Medium link - https://medium.com/@jaspreet.s/eda-importance-to-find-recommendations-based-on-dataset-d58731694e1c
- start_scan_to_end_scan is in minutes -> od_end_time - od_start_time
- Same values after grouping - 'data','trip_creation_time' 'route_schedule_uuid', 'route_type', 'source_center', 'source_name', 'destination_center', 'destination_name', 'od_start_time','od_end_time', 'start_scan_to_end_scan'
- Different values after grouping - is_cutoff, cutoff_factor, , 'cutoff_timestamp', 'actual_distance_to_destination', 'actual_time', 'osrm_time', 'osrm_distance', 'factor', 'segment_actual_time', 'segment_osrm_time', 'segment_osrm_distance','segment_factor'
- cutoff_factor is distance that is supposed to be there for actual_distance_to_destination. For trip starting, it is always False.
- max(actual_distance_to_destination) gives total distance as it is cumulative column
- max(actual_time) is time taken for covering as it is cumulative column.
- Similarly for osrm distance & osrm time. These are cumulative columns so taking max
- 'segment_actual_time', 'segment_osrm_time', 'segment_osrm_distance','segment_factor' are non cumulative columns
- factor = actual_time/osrm_time
- segment_factor = segment_actual_time/segment_osrm_time
- segment_distance_to_destination can be calculated using actual_distance_to_destination by subtracting from next row values.
- Note, we saw some error in values in segments aggregations.
- FTL has better speed, lesser time than Carting in mostly all cases. (We notice some errors in data where speed of Carting is unreasonably high for few trips which should be error/outliers - handled in final_df).
- Karnataka<->Karnataka is busiest corridor state (closely followed by Maharashtra<->Maharashtra) used in 2323 trips out of 18,947 subtrips (~12%).
- Delhi <-> Haryana is busiest interstate corridor (where carting is 6 times more used than FTL).
- Carting is used for distances upto 100 kms in busiest corridor state
- We can use carting for all corridor listed in corridor_bad_ftl (list printed above) to save both time and money. (Avg time in carting for same corridor is lesser than in FTL)
- Destination city for most of the trips is Bengaluru city (followed by Gurgaon) and source city is also Bengaluru (followed by Gurgaon) for most trips.

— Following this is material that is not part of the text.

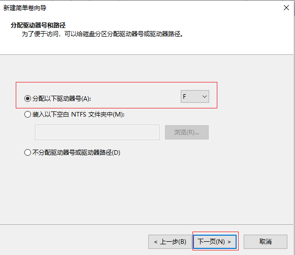8. 在分配以下驅動器號欄中,選擇任意一個盤符,點擊“下一步”繼續操作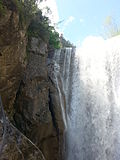 Entlang des Millnatzenbaches passiert der Klettersteig vier Wasserfälle. Am ersten Wasserfall kann eine C/D-Stelle als alternative Route gewählt werden. |

Bengaluru is the hub for most trips.
- We notice that most trips whose source is Karnataka, destination state is also Karnataka (~90%). It is true for vice-versa too.
- Carting is preferred twice as much than FTL in Bengaluru corridor.
- When Carting, mean difference between OSRM time & actual time is 4 times smaller (hence better) than when using FTL.
- In busiest corridor state (Karnataka), we see bad performing trips by FTL - speed<20, distance<100. So, our recommendation would be to prefer using Carting for these sources & destinations. It may be cheaper as well (and more aligned to OSRM times as well)
- The next recommendation would be to prefer long distance when suggested by OSRM. It is so because while analysing all the trips where deadline (cutoff_timestamp) was missed, we saw we took average twice the time we would have taken if followed OSRM suggestion even though distance covered by OSRM suggestion is 33% more average.